Luckily, that conditional is obviously false. One need look no further than pre-20th century science for examples of non-meritocratic scientific structures that nevertheless produced successful science.

In fact, the only reason why the authors of “Defense of Merit in Science” seem to embrace the conditional is that they commit an obvious fallacy of equivocation, using “merit” to refer both to the merit of individual scientists and to the merit of scientific ideas: “The merit of an idea should be evaluated through scrutiny and organized skepticism, essential components of scientific discovery. The ultimate test of the merit of a claim is its ability to accurately predict the functioning of the universe as elucidated through replicable experiment and observation.” (p. 4)

While of course successful science depends on recognizing that “the merit of a claim is its ability to accurately predict the functioning of the universe as elucidated through replicable experiment and observation,” this is not what is meant by “meritocracy,” which is taken to refer to a regime in which a person’s success is a result of that person’s merit.

It is this fallacy of equivocation that allows the authors of “Defense of Merit in Science” to grant, on occasion, that science is not perfectly meritocratic while nevertheless – in practically the same breath – maintaining that science never violates its ideals. Consider on p. 5, for example, this case of the “No True Scotsman” fallacy and – immediately following that – a further example of the equivocation that science ultimately recognizes merit because science recognizes truth

“The shortcomings of individuals or the community should not be confused with the science itself. Whether sexism prevented Cecilia Payne­ Gaposchkin from receiving credit for her conclusion that the Sun was made mostly of hydrogen is irrelevant to the fact that the Sun is made mostly of hydrogen.”

3. The greatest threat to the continued success of science is NOT what the authors term “Critical Social Justice”

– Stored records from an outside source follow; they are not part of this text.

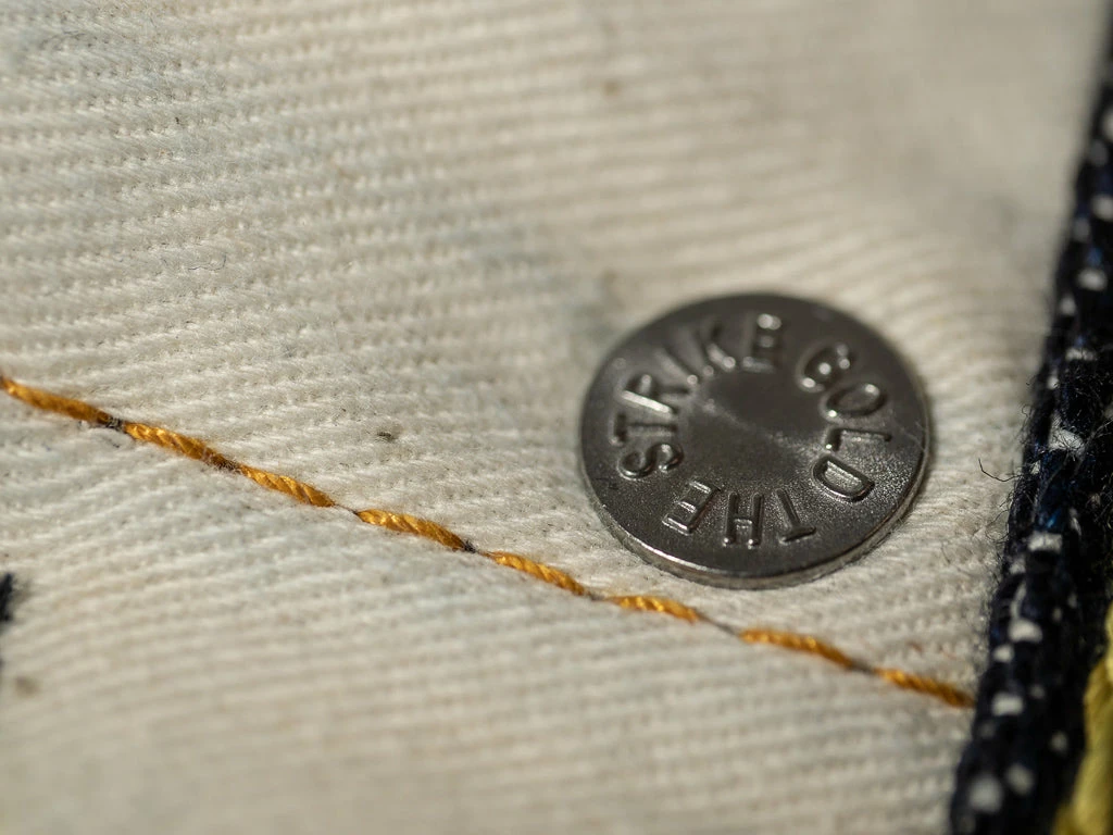 The “SG6109 super slubby” jeans are made of an unsanforized 16.5oz heavyweight slubby and neppy indigo dyed fabric. It is made from 100% Zimbabwe cotton, and Strike Gold have used a super short cotton staple for the weft to produce the material. The staple length refers to the length of the fibres of any given material. In terms of cotton, this is the average length within a sample of a species. Cotton with longer staple lengths tends to produce softer and hairier fabrics than those with shorter ones, but short-staple fabrics tend to have a fantastic rugged and extremely uneven touch.
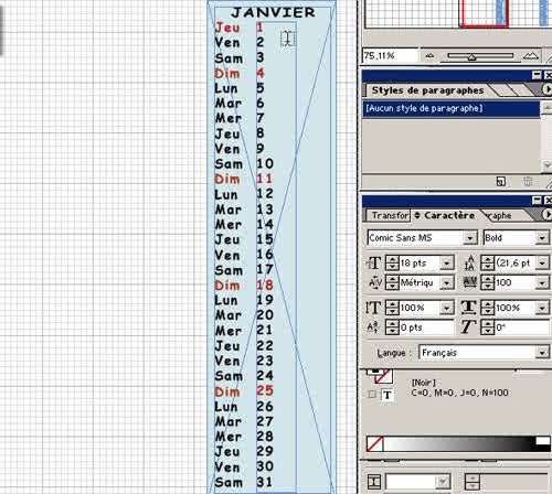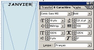 sur la première ligne, à l'intérieur de ce rectangle, tapez « JANVIER », puis dans la palette, cliquez sur l'onglet Caractère et mettez les paramètres comme suit... caractère : Comic Sans MS, 18pts, Bold, AV : 100, T:100%, T:125%, puis centrez, voir les figures ci-dessous. |
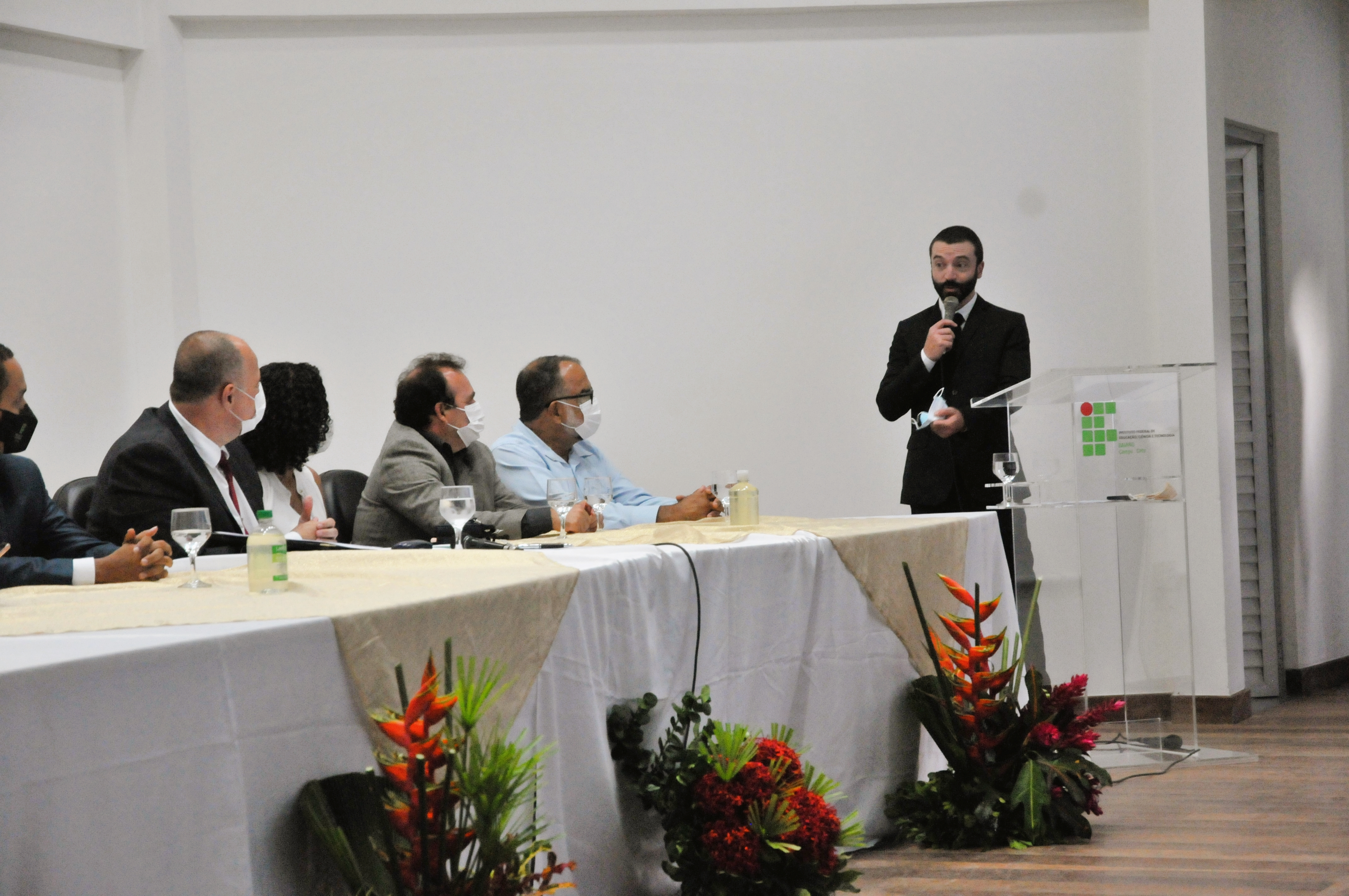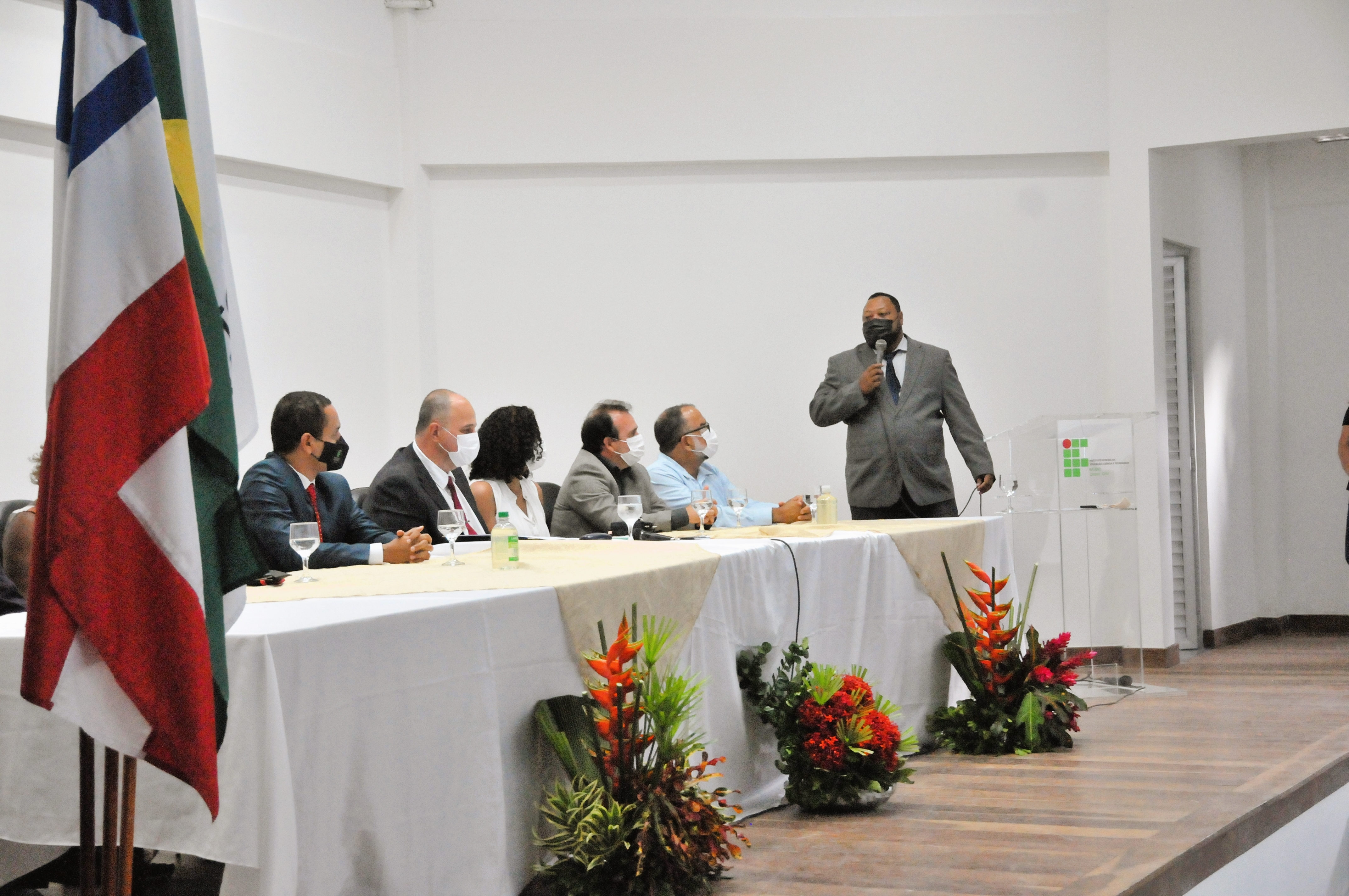 Os sentimentos de reencontro e união deram o tom da cerimônia, que foi o primeiro evento intercampi realizado de forma presencial após o decreto de pandemia, em março de 2020. Em sua fala, o reitor, Aécio José Duarte, sublinhou o simbolismo do momento para a comunidade acadêmica. “É um dia emblemático. A ideia de fazer uma posse conjunta é justamente pra enfatizar a necessidade de estarmos juntos, trazendo essa posse para uma das nossas unidades, e mostrar que todas têm o seu papel efetivo de fazer o instituto funcionar e transformar a vida dos nossos alunos”, enfatizou o dirigente, que também adjetivou o momento como uma renovação de esperanças. “Que a gente tenha um novo ciclo no IF Baiano e que esse novo ciclo de gestão se constitua de muita vontade, atenção, dignidade e trabalho, sempre focando e enxergando a nossa comunidade como feita de pessoas”.
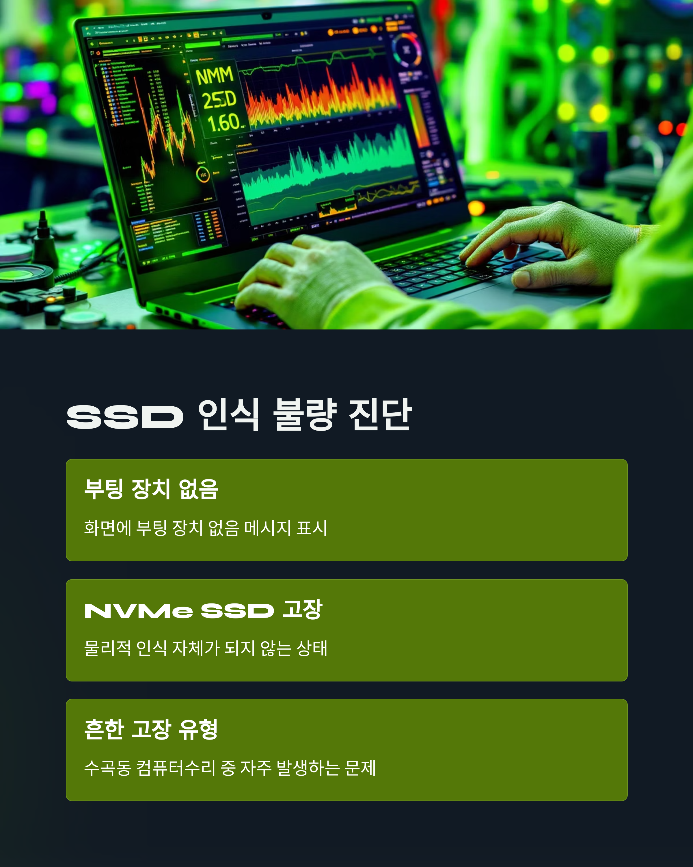 SSD 손상으로 인한 부팅 불가 사례가 꾸준히 접수됩니다.
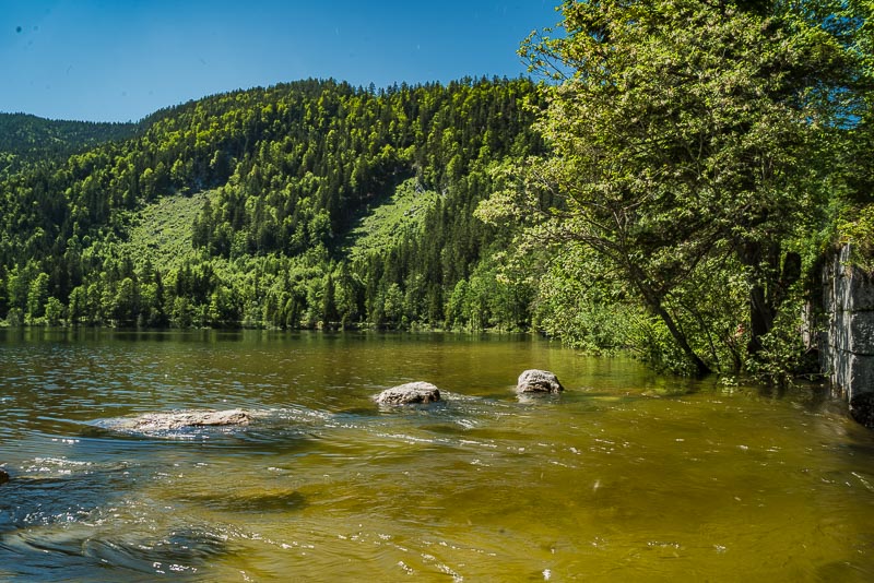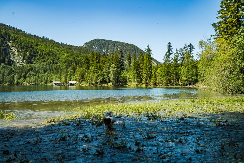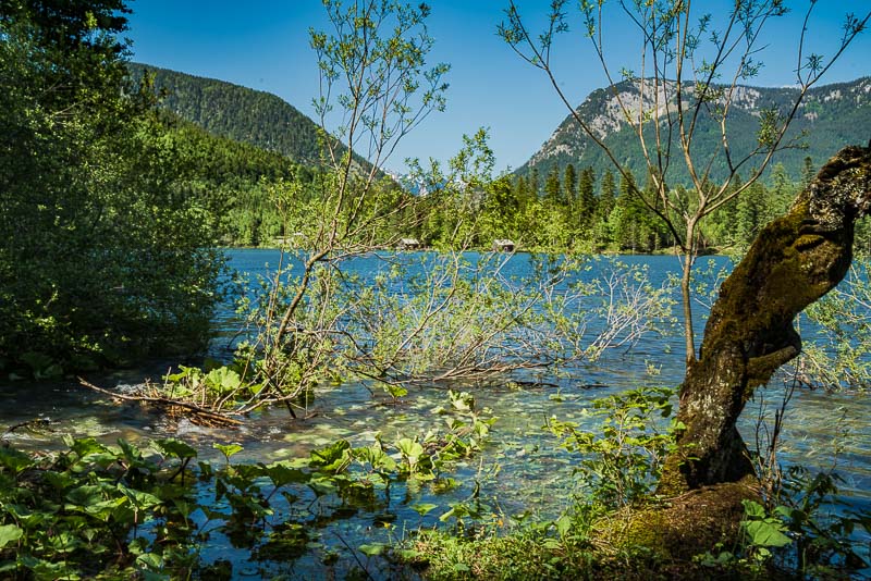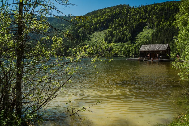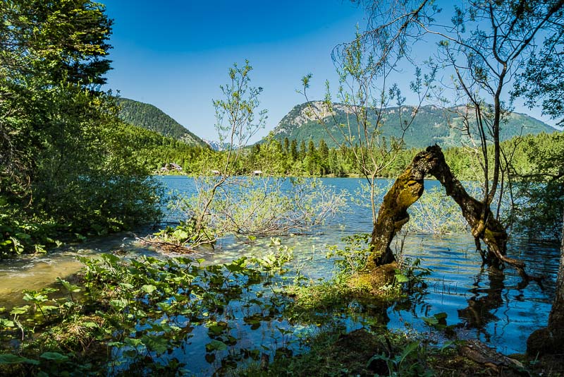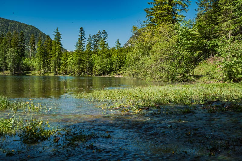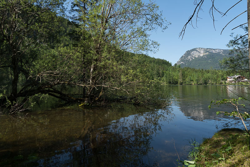 Das viele Schmelzwasser aus den höheren Lagen (der Ödensee erhält sein Wasser von den östlichen Ausläufern des Dachsteinplateaus) nach dem überaus schneereichen Winter füllt den See - so hoch habe ich ihn noch nie gesehen.
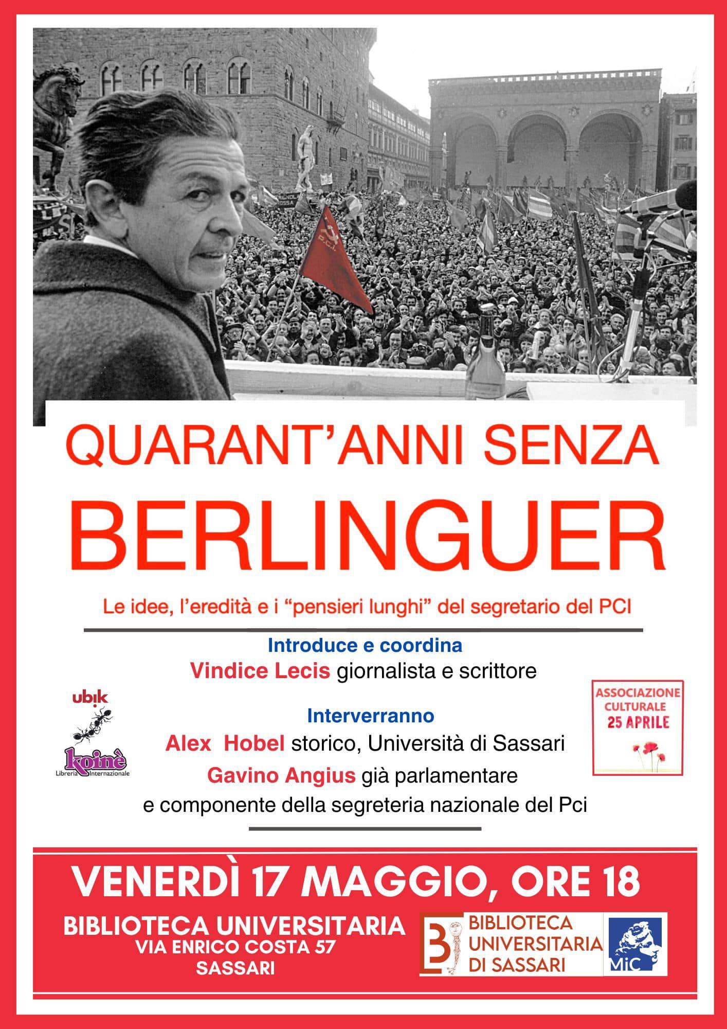 In occasione del quarantennale della morte di Enrico Berlinguer, la Biblioteca Universitaria di Sassari è lieta di ospitare il convegno:

It is important to acknowledge one point that the authors of the “Defense of Merit in Science” article get absolutely right: science is in fact an ally to liberatory movements aimed at genuinely improving the lot of marginalized and disempowered groups. As the authors point out,

The role of science in rectifying social inequalities goes beyond “trickle down” effects of scientific progress. Science can help to develop programs addressing both the root causes of inequalities and the effectiveness of remedial policies. Recent works by Banerjee and Duflo illustrate how well founded scientific methodology can narrow the gap between rich and poor countries. Heckman’s work quantifies the impact of preschool education on students’ success. In the field of artificial intelligence, one of the most active areas of research is concerned with discrimination, fairness, and social accountability. The distinctive features of these examples … are that they are based on scientific evidence and logic and they address the root causes of inequalities …” (p. 19)

However, the authors are wrong to suggest that the movements that they describe under the umbrella of “Critical Social Justice” – even granting that some members of those movements pursue policies that are inimical to science – are the greatest danger to science in the United States.

Rather, it is Republican state governments that are pursuing policies to require the teaching of proven falsehoods about climate science in schools. It is Republican health officials who are falsifying scientific reports. It is Republican judges who are willfully ignoring decades of established medical science. It is Republican lawmakers who are trying to revive attacks against the teaching of evolution in schools. In short, it is Republicans who have declared a war on science and who have begun to use the power of the state and federal government to prosecute that war.

My fear is that, in their eagerness to defend science against the wrong foe, the authors of the “Defense of Merit in Science” article have made themselves unwitting aides of the real enemies of science: the conservative Republicans who use the mantra of “anti-woke” discourse to cloak their own – infinitely more dangerous – attacks on science.